Tangani Kasus Tewasnya Brigadir J, Polisi Diduga Langgar Aturan-aturannya Sendiri
--
JAKARTA - Meski sudah dilakukan autopsi ulang terhadap jenazah Brigadir Nopryansah Yosua Hutabarat atau Brigadir J, publik masih ragu dengan kebenaran baku tembak antar polisi di rumah dinas mantan Kadiv Propam, Irjen Pol Ferdy Sambo.
Keraguan publik itu, lantaran beberapa aturan disebut-sebut telah dilanggar dalam mengungkap kasus yang menghebohkan itu. Dugaan pelanggaran-pelanggaran itu disampaikan pengamat kepolisian Institute for Security and Strategic Studies (ISESS), Bambang Rukminto.

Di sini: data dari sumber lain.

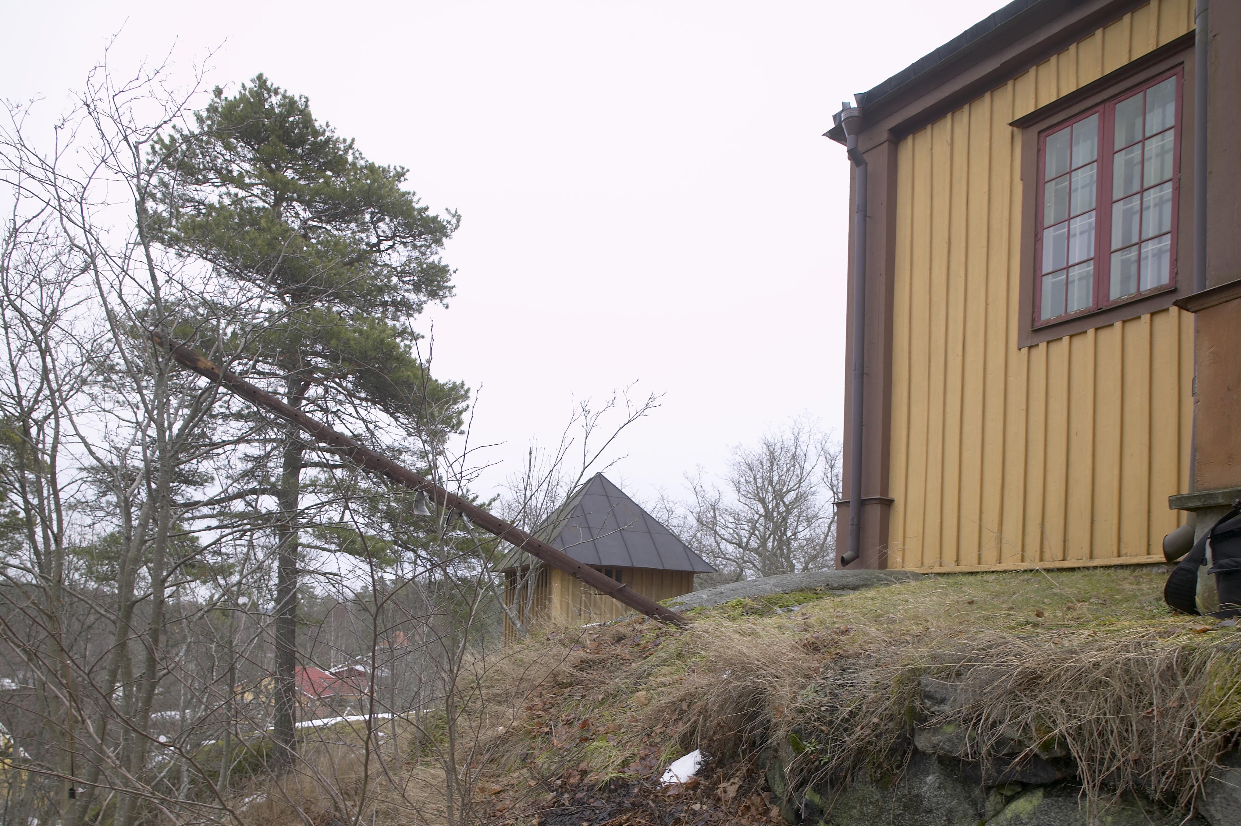 Beskrivning: Del av kyrkan samt förrådsboden norr om den, från nordväst.

Menurut Bambang, aturan-aturan dasar kepolisian yang dilanggar di antaranya soal olah tempat kejadian perkara (TKP), pelaksanaan prarekonstruksi, dan penggunaan senjata api untuk personel Polri yang bertugas sebagai ajudan atau pengawal perwira tinggi.
"Itu beberapa Peraturan Kapolri (Perkap) yang dilanggar," kata Bambang, Kamis (28/7).
Bambang menjelaskan kehebohan insiden Brigadir J berasal dari langkah-langkah, tindakan, serta pernyataan-pernyataan yang disampaikan Polri sendiri. Dimulai dari tindakan pengambilan CCTV, olah TKP yang melanggar Peraturan Kapolri Nomor 8 Tahun 2009.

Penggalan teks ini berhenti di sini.